ACTION ITEM = Once you reach the line with "PC 컴포넌트 제조 분야에서" in the material below, copy each line exactly up to and including the line with "золото 19,5х9х12 см", and skip the pictures.

RECORDS FOR THIS TASK =

★ ★ ★ ★

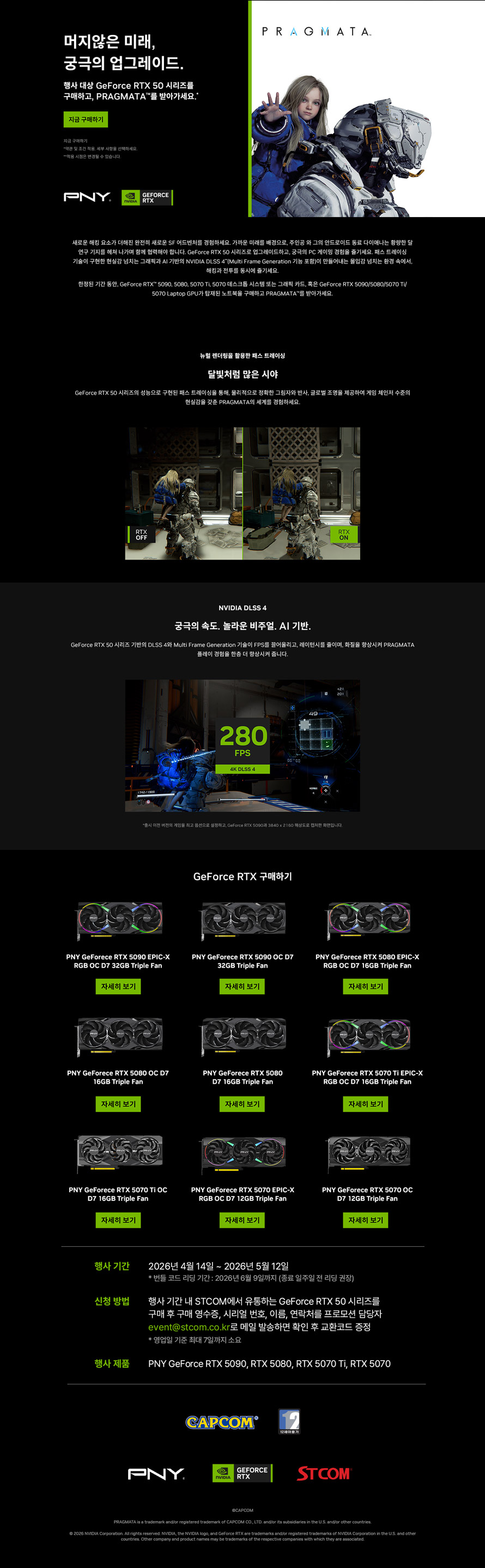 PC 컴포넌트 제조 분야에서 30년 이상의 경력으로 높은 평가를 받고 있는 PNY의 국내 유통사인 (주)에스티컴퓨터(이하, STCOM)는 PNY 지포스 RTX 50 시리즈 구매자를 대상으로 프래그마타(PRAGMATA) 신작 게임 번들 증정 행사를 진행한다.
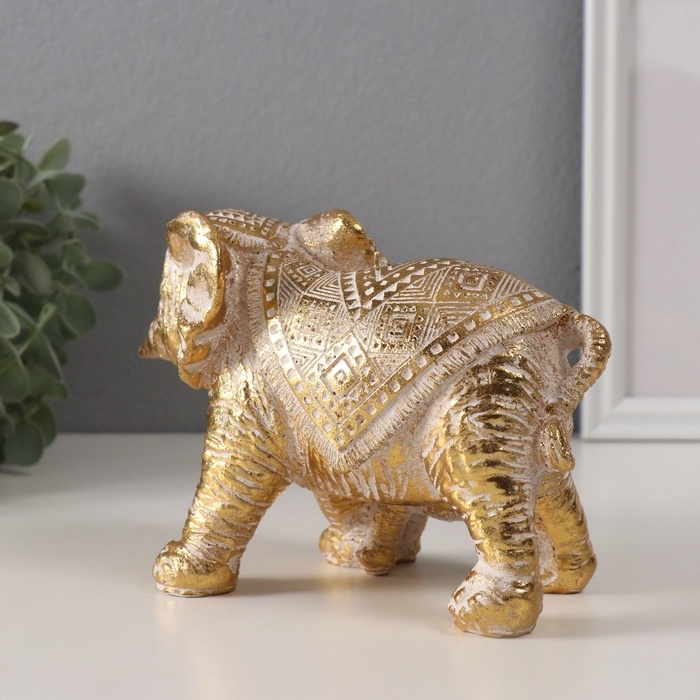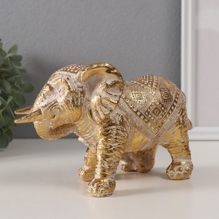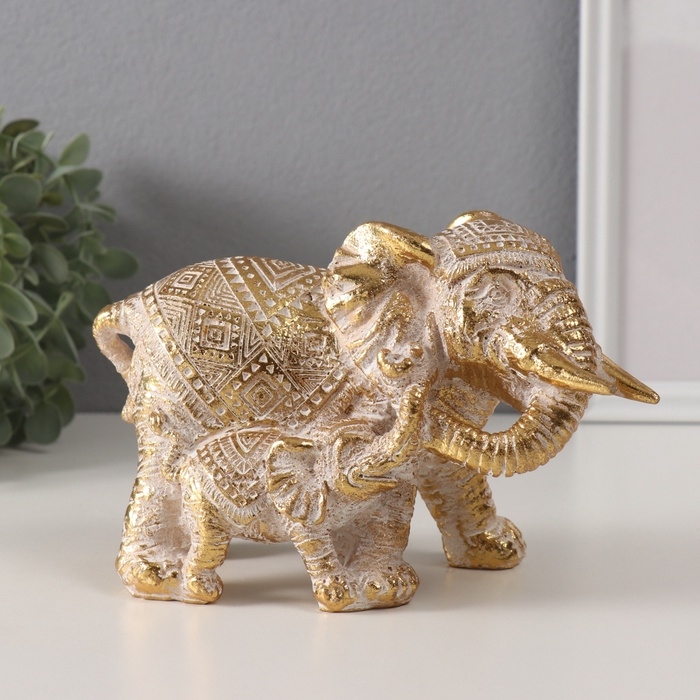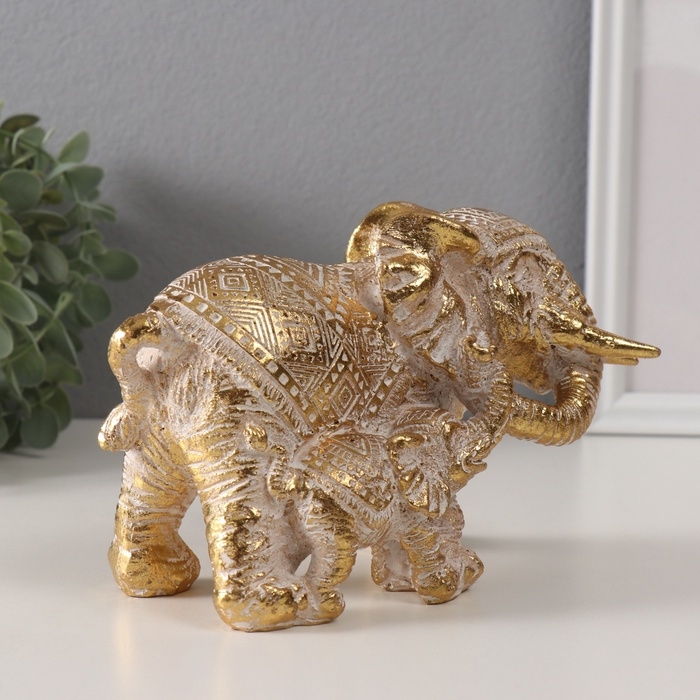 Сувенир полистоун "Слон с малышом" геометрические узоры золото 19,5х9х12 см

★ ★ ★ ★

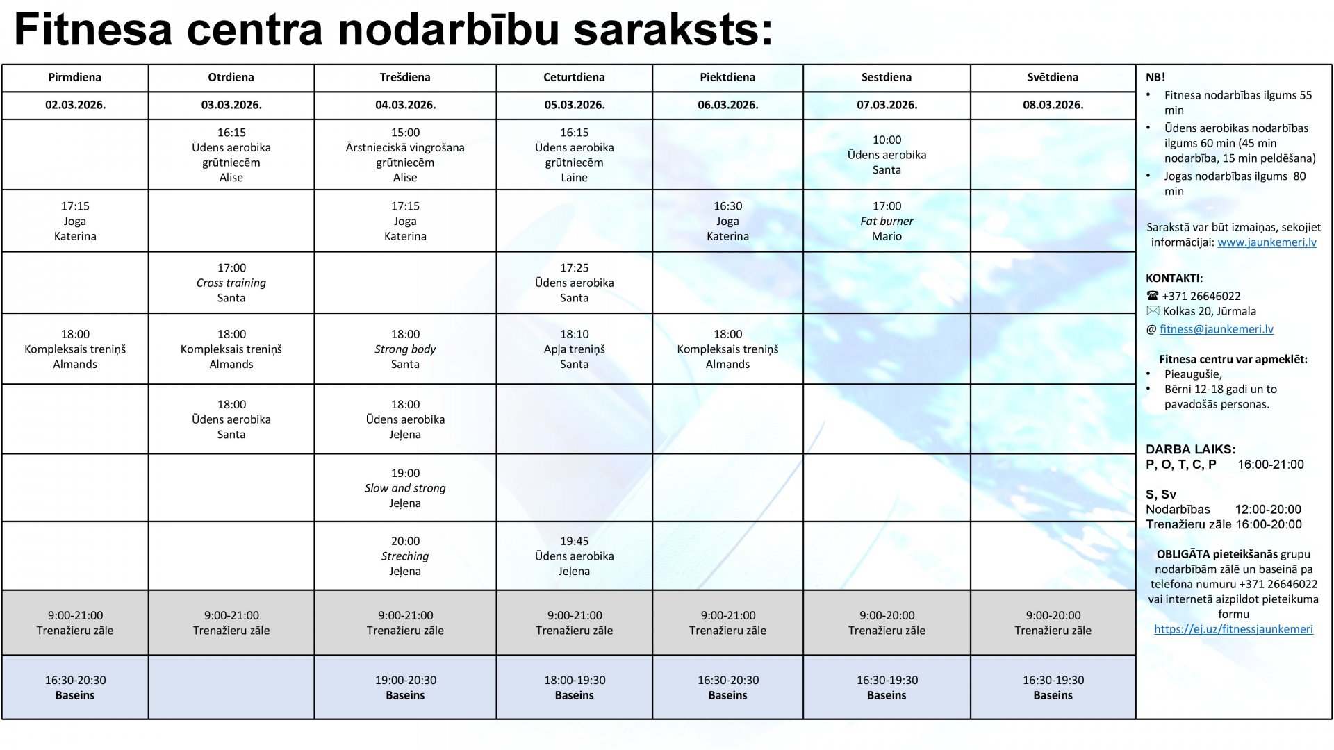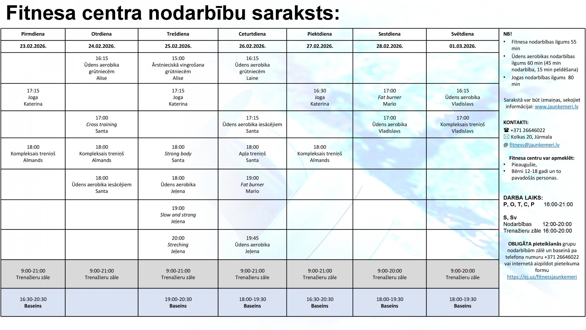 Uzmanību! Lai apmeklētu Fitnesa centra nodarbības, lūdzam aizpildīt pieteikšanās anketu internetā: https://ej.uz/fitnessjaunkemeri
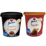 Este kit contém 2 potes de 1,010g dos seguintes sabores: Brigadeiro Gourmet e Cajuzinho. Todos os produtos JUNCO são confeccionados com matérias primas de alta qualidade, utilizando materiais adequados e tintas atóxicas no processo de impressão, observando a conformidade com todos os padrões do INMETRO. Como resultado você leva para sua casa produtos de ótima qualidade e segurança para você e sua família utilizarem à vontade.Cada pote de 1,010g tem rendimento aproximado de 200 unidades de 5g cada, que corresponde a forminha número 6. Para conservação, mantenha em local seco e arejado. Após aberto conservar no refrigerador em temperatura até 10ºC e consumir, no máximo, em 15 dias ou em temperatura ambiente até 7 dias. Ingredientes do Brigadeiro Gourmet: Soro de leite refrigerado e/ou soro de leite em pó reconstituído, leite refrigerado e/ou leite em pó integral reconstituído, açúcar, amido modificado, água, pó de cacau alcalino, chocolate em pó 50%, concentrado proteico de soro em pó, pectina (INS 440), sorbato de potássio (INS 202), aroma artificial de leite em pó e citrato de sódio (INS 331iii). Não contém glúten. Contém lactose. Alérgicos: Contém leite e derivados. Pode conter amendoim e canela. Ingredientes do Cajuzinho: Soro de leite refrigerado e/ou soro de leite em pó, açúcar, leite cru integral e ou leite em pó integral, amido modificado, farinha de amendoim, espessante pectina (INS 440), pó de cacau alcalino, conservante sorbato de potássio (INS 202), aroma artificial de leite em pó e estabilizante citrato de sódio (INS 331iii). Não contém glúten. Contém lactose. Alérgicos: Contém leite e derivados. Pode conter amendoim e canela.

★ ★ ★ ★

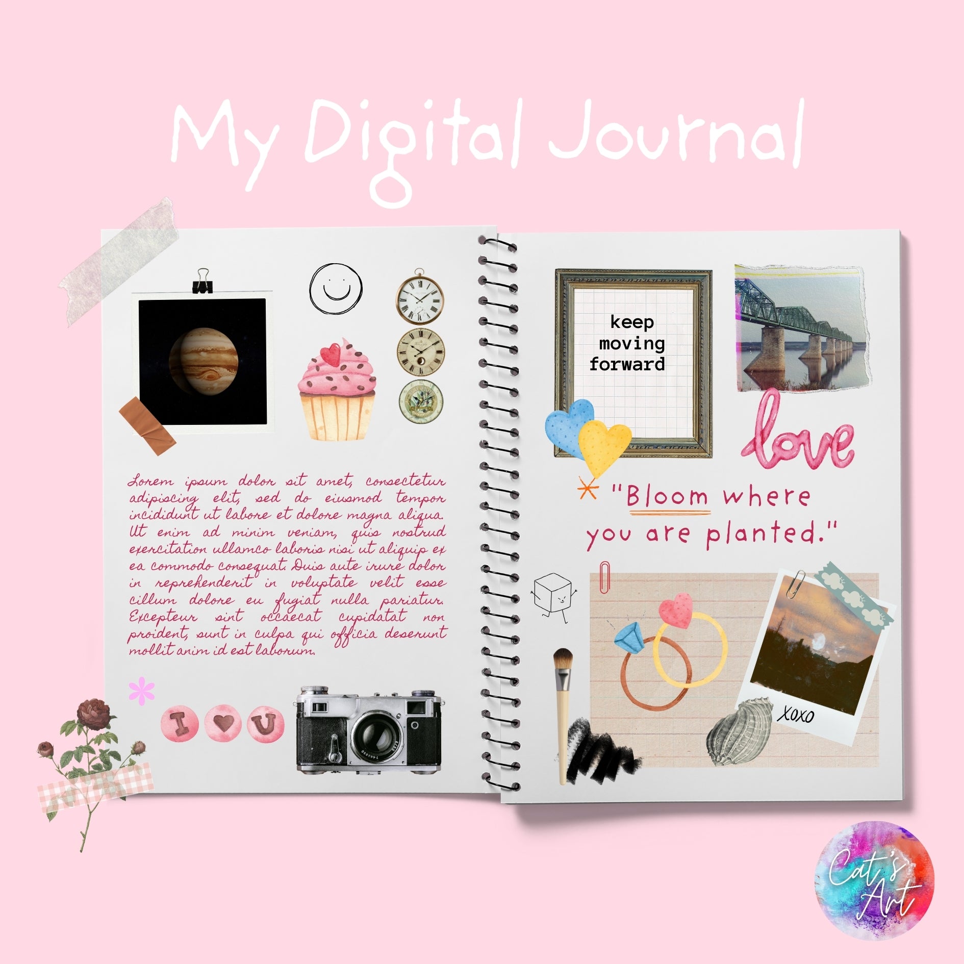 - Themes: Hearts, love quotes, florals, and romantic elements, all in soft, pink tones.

★ ★ ★ ★

TASK ANSWER =
 PC 컴포넌트 제조 분야에서 30년 이상의 경력으로 높은 평가를 받고 있는 PNY의 국내 유통사인 (주)에스티컴퓨터(이하, STCOM)는 PNY 지포스 RTX 50 시리즈 구매자를 대상으로 프래그마타(PRAGMATA) 신작 게임 번들 증정 행사를 진행한다.
 Сувенир полистоун "Слон с малышом" геометрические узоры золото 19,5х9х12 см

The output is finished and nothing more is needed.